Records for this task START

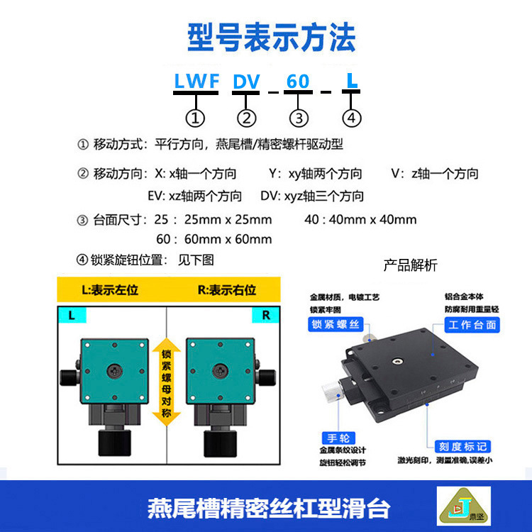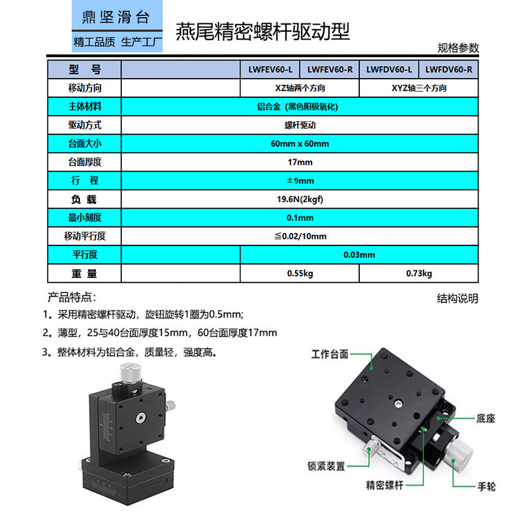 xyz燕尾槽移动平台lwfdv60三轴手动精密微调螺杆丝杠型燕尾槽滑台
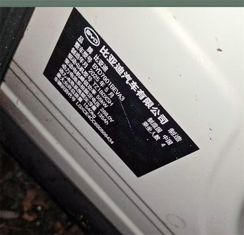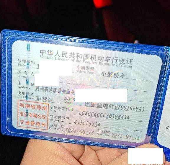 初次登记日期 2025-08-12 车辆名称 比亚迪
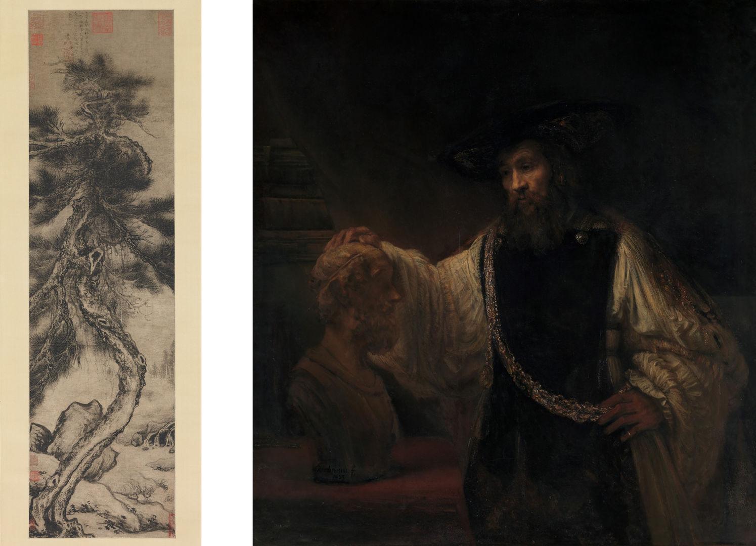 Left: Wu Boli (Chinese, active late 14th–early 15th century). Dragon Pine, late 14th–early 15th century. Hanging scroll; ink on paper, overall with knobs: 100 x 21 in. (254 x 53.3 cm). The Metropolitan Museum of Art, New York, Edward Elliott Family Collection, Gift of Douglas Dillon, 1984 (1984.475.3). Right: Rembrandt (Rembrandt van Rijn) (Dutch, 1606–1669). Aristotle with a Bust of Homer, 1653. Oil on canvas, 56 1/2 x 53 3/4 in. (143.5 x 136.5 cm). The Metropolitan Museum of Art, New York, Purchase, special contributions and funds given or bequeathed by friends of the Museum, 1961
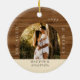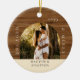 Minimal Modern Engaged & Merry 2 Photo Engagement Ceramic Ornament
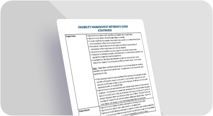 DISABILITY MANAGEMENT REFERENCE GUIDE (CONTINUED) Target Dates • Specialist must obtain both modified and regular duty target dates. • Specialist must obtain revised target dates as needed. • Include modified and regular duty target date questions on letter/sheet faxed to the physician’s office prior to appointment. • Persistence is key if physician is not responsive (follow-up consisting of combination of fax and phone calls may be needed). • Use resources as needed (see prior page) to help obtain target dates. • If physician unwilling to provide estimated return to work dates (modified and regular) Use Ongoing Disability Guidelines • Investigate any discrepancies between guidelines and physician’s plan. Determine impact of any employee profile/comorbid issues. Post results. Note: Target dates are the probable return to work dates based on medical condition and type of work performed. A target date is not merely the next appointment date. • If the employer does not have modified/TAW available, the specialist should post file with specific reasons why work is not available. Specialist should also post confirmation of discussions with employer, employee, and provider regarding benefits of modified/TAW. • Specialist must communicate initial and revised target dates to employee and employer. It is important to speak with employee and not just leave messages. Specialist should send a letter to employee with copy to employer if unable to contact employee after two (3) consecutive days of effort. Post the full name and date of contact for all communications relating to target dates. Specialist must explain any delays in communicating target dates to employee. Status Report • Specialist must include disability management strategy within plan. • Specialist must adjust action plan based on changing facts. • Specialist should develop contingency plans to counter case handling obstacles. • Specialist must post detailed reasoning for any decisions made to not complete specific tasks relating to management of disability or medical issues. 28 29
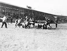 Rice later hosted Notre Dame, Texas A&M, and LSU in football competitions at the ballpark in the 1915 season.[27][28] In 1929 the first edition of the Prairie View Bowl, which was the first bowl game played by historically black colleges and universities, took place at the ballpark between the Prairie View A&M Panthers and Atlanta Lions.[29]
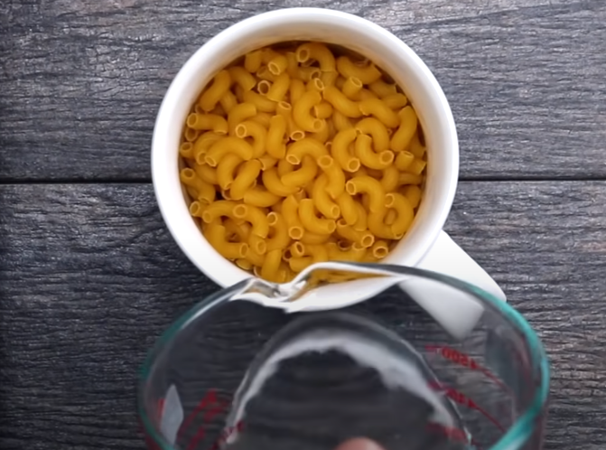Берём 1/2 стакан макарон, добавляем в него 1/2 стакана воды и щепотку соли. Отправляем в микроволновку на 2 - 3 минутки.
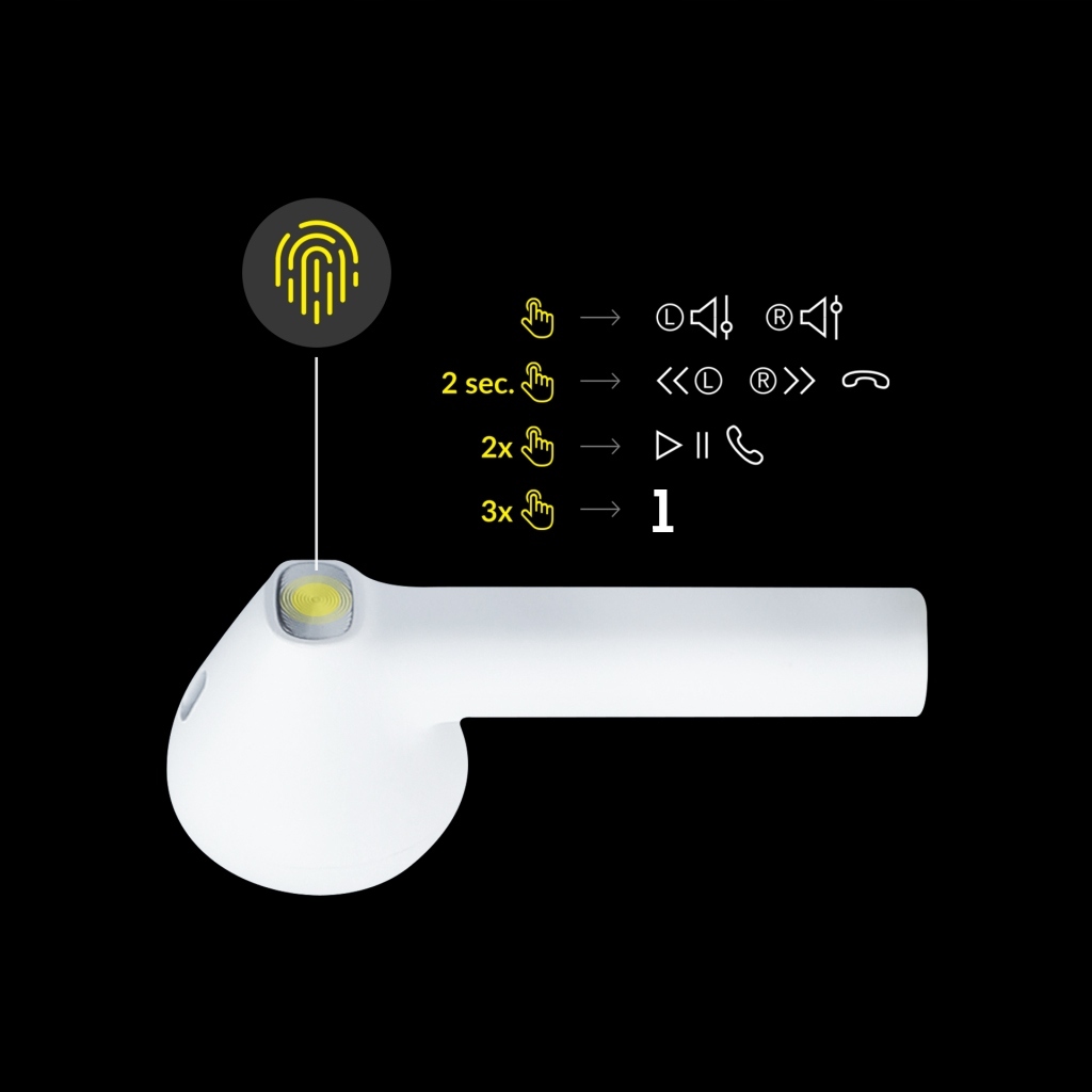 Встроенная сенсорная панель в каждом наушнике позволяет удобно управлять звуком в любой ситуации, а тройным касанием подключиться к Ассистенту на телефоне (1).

Records for this task END

_Exercise aim_: Output must match the lines from the start of the records above through the line that contains "初次登记日期 2025-08-12 车辆名称 比亚迪", exactly and with every picture removed.

_Task result_:
 xyz燕尾槽移动平台lwfdv60三轴手动精密微调螺杆丝杠型燕尾槽滑台
 初次登记日期 2025-08-12 车辆名称 比亚迪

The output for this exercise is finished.